On Tuesday night, Donald Trump kicked off 2018 by booting the hornet's nest that is North Korea on Twitter again, writing, "North Korean Leader Kim Jong Un just stated that the ‘Nuclear Button is on his desk at all times.’ Will someone from his depleted and food starved regime please inform him that I too have a Nuclear Button, but it is a much bigger & more powerful one than his, and my Button works!”
On cue, TV commentators almost instantaneously expressing shock and horror about the prospect of the president playing nuclear chicken on Twitter. But John Mecklin, editor in chief of the "Bulletin of Atomic Scientists," said the back-and-forth between Trump and Kim is political posturing, and coverage of Trump's tweets are almost more dangerous than the tweets themselves. “In the current overheated media environment, some piece of international theater by Kim or Trump—undertaken for political effect or negotiating edge or ego gratification—could become so magnified by breathless, 24-7 repetition on cable TV and the Internet that it becomes seen as a humiliating national insult,” he told "Vanity Fair."
Mecklin, whose publication maintains the infamous "doomsday clock," does not believe that either leader considers a nuclear attack to be legitimate military strategy. “I don’t pretend to understand President Trump’s tweeting practices and have no idea whether there is some method behind their apparent madness,” Mecklin added. “I can restate the obvious: The United States will almost certainly not attack North Korea, because the result would be at least hundreds of thousands—and probably millions—of dead people. And North Korea will not attack the United States or its South Korean and Japanese allies, because to do so would constitute almost instant national suicide.”

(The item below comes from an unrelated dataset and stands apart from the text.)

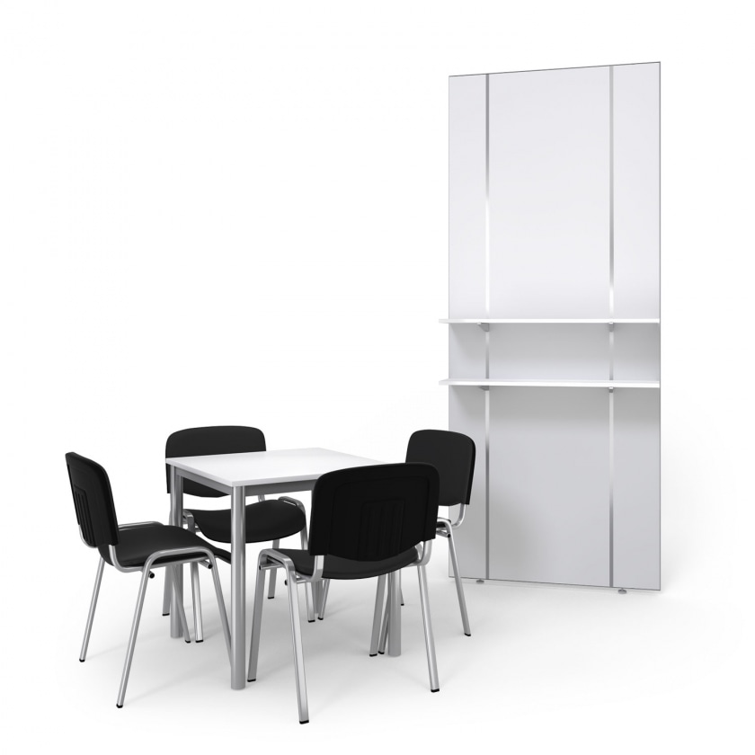Möbelpaket C: 1x Tisch 70 x 70 cm (Platte weiß); 4x Polsterstuhl Standard (schwarz); 2x Regalbord, 30 cm, gerade (montiert an Standwand).

However, the news cycle the tweets create is incredibly perilous, he said: “There is a danger to Trump’s North Korean tweets: They increase the probability that North Korea will misinterpret normal military exercises as an attack and respond with force. This could result in a back-and-forth series of military actions that might—actually, really—lead to worldwide thermonuclear war and the end of the human experiment.”
“This is a real possibility," he concluded. "This is why President Trump’s tweets about North Korea are, in my opinion, an existential threat to humanity.”